The Visual Display of Quantitative Information

The Visual Display
of Quantitative Information,
by Edward Tufte.

Early in my graduate school career (back when I used to have time to read widely), a fascinating book was published titled The Visual Display of Quantitative Information. Its author Edward Tufte describes the book as a “celebration of data graphics.” In the introduction, he writes

Modern data graphics can do much more than simply substitute for small statistical tables. At their best, graphics are instruments for reasoning about quantitative information. Often the most effective way to describe, explore, and summarize a set of numbers—even a very large set—is to look at pictures of those numbers. Furthermore, of all methods for analyzing and communicating statistical information, well-designed graphics are usually the simplest and at the same time the most powerful.

A page from The Visual Display
of Quantitative Information,
by Edward Tufte.

Tufte suggests ways to improve data graphics. For instance, Chapter 4 concludes by summarizing these five principles: 1) Above all else show the data, 2) Maximize the data-ink ratio, 3) Erase non-data-ink, 4) Erase redundant data-ink, and 5) Revise and edit. Chapter 9 offers this recommendation: “Graphical elegance is often found in simplicity of design and complexity of data.” Perhaps Tufte’s poem at the end of Chapter 8 summarizes these ideas more succinctly:

For non-data-ink, less is more.
For data-ink, less is a bore.

Of course, words can’t convey the lessons of this book.
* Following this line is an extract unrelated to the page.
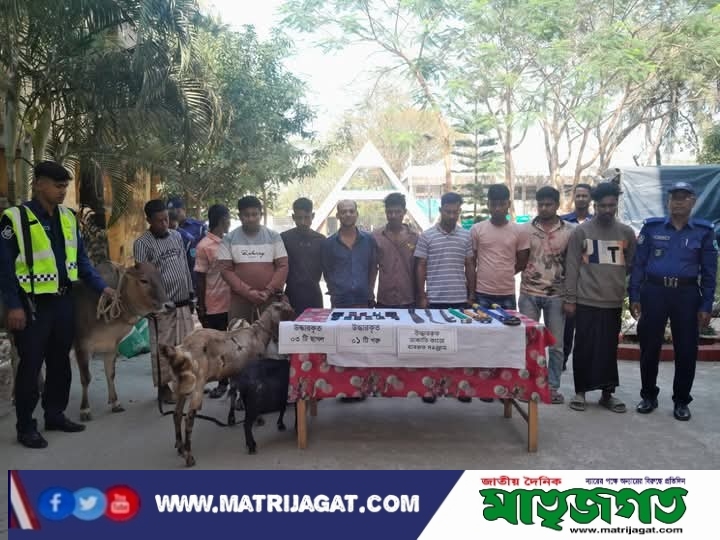 গ্রেফতারকৃতরা হলেন—১. মোশারফ হোসেন ওরফে মুসা (২৯), মানিকগঞ্জ২. কামরুল কাজী (২৮), ফরিদপুর৩. হাবিবুর রহমান (৩২), মানিকগঞ্জ৪. মোঃ সাইফুল ইসলাম (৩৭), মানিকগঞ্জ৫. মোঃ মোমিন (৩২), ব্রাহ্মণবাড়ীয়া৬. রাজীব মিয়া (২৫), ব্রাহ্মণবাড়ীয়া৭. ইসমাইল হোসেন (২৮), মানিকগঞ্জ৮. সুজন ব্যাপারী (৩৫), নবাবগঞ্জ, ঢাকা৯. মোঃ রবিউল ঢালী (২৭), মানিকগঞ্জ১০. মোঃ তোতা ঢালী (৬২), মানিকগঞ্জ ডাকাতির কাজে ব্যবহৃত হলুদ-নীল রংয়ের ট্রাক বিভিন্ন ধরনের দেশীয় অস্ত্র, ভল্ট কাটার সরঞ্জাম ৩টি ডাকাতি করা ছাগল (মূল্য ৪০,০০০/- টাকা) ১টি ডাকাতি করা সাদা রংয়ের গরু (মূল্য ১,২০,০০০/- টাকা) প্রাথমিক জিজ্ঞাসাবাদে গ্রেফতারকৃতরা স্বীকার করেছে, তারা নবাবগঞ্জ, দোহার, কেরানীগঞ্জ, মানিকগঞ্জ, ফরিদপুর ও আশপাশের এলাকায় সংঘবদ্ধভাবে ডাকাতি করে আসছিল। গ্রেফতারকৃতদের বিরুদ্ধে নবাবগঞ্জ থানায় মামলা (নং ০৫, তারিখ ০৪/০৩/২০২৫) দায়ের করা হয়েছে।

You need to see the graphics appearing on every page to appreciate his points.

Many of the readers of the 4th edition of Intermediate Physics for Medicine and Biology will go on to become research scientists, engineers, or medical doctors, and will publish papers full of interesting data. That data will be presented more clearly, simply, and elegantly by following the principles and techniques outlined in The Visual Display of Quantitative Information and Tufte’s other books. 

Listen to Edward Tufte talk about the Art of Visualization.
https://www.youtube.com/watch?v=AdSZJzb-aX8 

The Bends

Physics with Illustrative Examples
from Medicine and Biology,
by Benedek and Villars.

When I teach about hydrostatics from the 4th edition of Intermediate Physics for Medicine and Biology, I like to make a little digression and discuss a biomedical application of hydrostatic pressure: decompression sickness. Also known as “the bends,” this illness occurs after breathing high-pressure air, which causes nitrogen to be dissolved in the blood. If the pressure is then released suddenly the nitrogen can form bubbles that block circulation. This effect is not unlike the formation of foam—made from bubbles of carbon dioxide—when you open a bottle of pop. You can find a nice discussion of the physiological effects of increased fluid pressure in Physics With Illustrative Examples from Medicine and Biology: Mechanics, by George Benedek and Felix Villars.

Engineers of Dreams:
Great Bridge Builders and the
Spanning of America,
by Henry Petroski.

Often you can teach best by telling a story, and when discussing decompression sickness I like to tell the story of the Eads Bridge. James Eads built the first bridge over the Mississippi River at St Louis. It is a beautiful arch bridge that opened in 1874. When building the supports for the bridge under the river, Eads used “caissons,” watertight structures sunk under the river and filled with compressed air. The high air pressure prevented water from filling the caisson, allowing workers to excavate the river bottom. In his book Engineers of Dreams: Great Bridge Builders and the Spanning of America, Henry Petroski has described decompression sickness experienced by men working in Eads’ caissons.

When the caisson reached a depth of seventy feet, the workmen began to experience some difficulty climbing the stairs to the surface. As the caisson was sunk deeper, men suffered increasing attacks of cramps and paralysis, which were thought to be due to insufficient clothing or poor nutrition. In March 1870, when the caisson had reached ninety-three feet, the air pressure inside it was about four times what it was in the open air, and workmen began dying upon emerging from the caisson, or after being hospitalized for an ailment that came then to be called "caisson disease" but today is known as “the bends.” Eads asked his family physician, Dr. Alphonse Jaminet, to look after the workmen, but Jaminet himself became paralyzed one day, having spent time down in the caisson and come up after only a few minutes in the air lock.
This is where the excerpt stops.